«Close yore eyes and I`ll kiss you…»
«Закрой свои глаза, и я поцелую тебя…»
Мы пели это на всех школьных вечерах. Гремела ударная установка, собранная из пионерских барабанов, дрожали стекла от рыка рояльных струн, накрученных на некое подобие штыковой лопаты. Учителя и заучи были в шоке, учащиеся старших и средних классов – в восторге.
А потом вдруг все закончилось.
Чихали тарелки духового оркестра, когда нам выдавали аттестаты, плакали мама и сестра в полупустом зале клуба железнодорожников, грустно улыбался усаженный в президиум весь педагогический коллектив во главе с директором школы. Мы стали взрослыми и целовали дождливым утром выпускной ночи одноклассниц в губы.
Закрой свои глаза…
Я поцелую тебя и почувствую капли дождя на твоей щеке…
Школа осталась позади. Мы разбредались по домам, ступая босыми ногами в теплые лужи. Впереди была столбовая дорога жизни. Дождь в дорогу – хорошая примета.

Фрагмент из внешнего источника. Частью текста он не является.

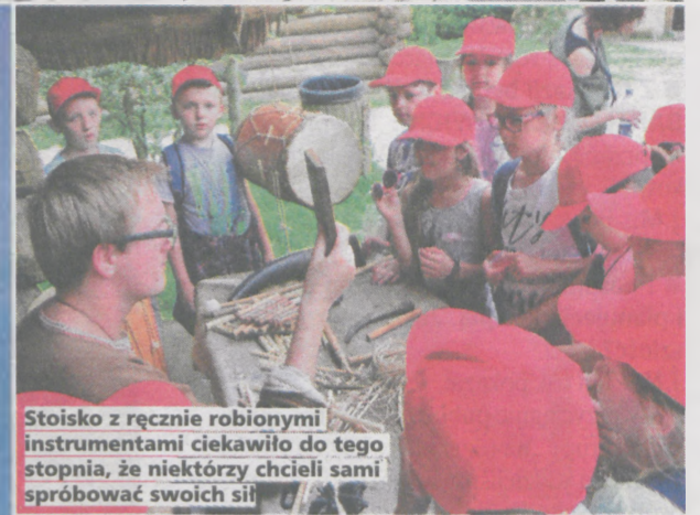
Stoisko z ręcznie robionymi instrumentami ciekawilo do tego stopnia, że niektórzy chcieli sami spróbować swoich sił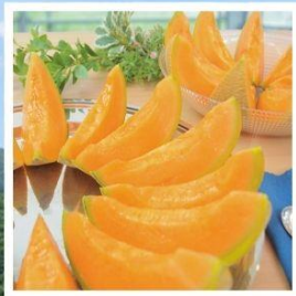
ศูนย์จำหน่ายเมล่อนยูบาริ

Я двигался прямо. Когда закончился асфальт школы – открылись дубовые двери медицинского института. Меня ждали там. Еще в школе я выступал за их команду на различных первенствах по борьбе. Был «подставным». Я побеждал. Награждали меня, значит, награждали институт. Получалось, что я имел непосредственное отношение к нему. Числился студентом или санитаром. Или что-то вроде этого. И вообще, по словам тренера, в «классике» передо мной открывалась широченная магистраль. В переводе на обычный язык у меня, как у борца классического стиля, были перспективы на будущее. Я резко подворачивал бедро, хорошо «мостил» и мгновенно проходил в корпус.
Подавал надежды.
Мои врачебные перспективы были весьма туманными. Я с трудом узнавал бедренную кость, не мог вспомнить название шейных позвонков и долго выговаривал латинские слова. Даже самые короткие. Но в институте мне нравилось. Я ездил на соревнования, когда у всех была сессия, пропускал занятия, потому что был на сборах и сидел в президиуме вместе с ректором на чествованиях институтских команд. Еще я пел на курсовых вечерах; получал повышенную стипендию и…
Еще была Люда.
Мы столкнулись о ней в дверях аудитории. Я искал преподавателя, чтобы отдать освобождение – ехал на очередные сборы.
– Я преподаватель.
– Вы?
– А, что в этом удивительного?
Ничего. Просто, в моем представлении преподаватель должен был быть занудливо-худым, с длинным носом, в очках и мужского рода. Я не сказал ей об этом.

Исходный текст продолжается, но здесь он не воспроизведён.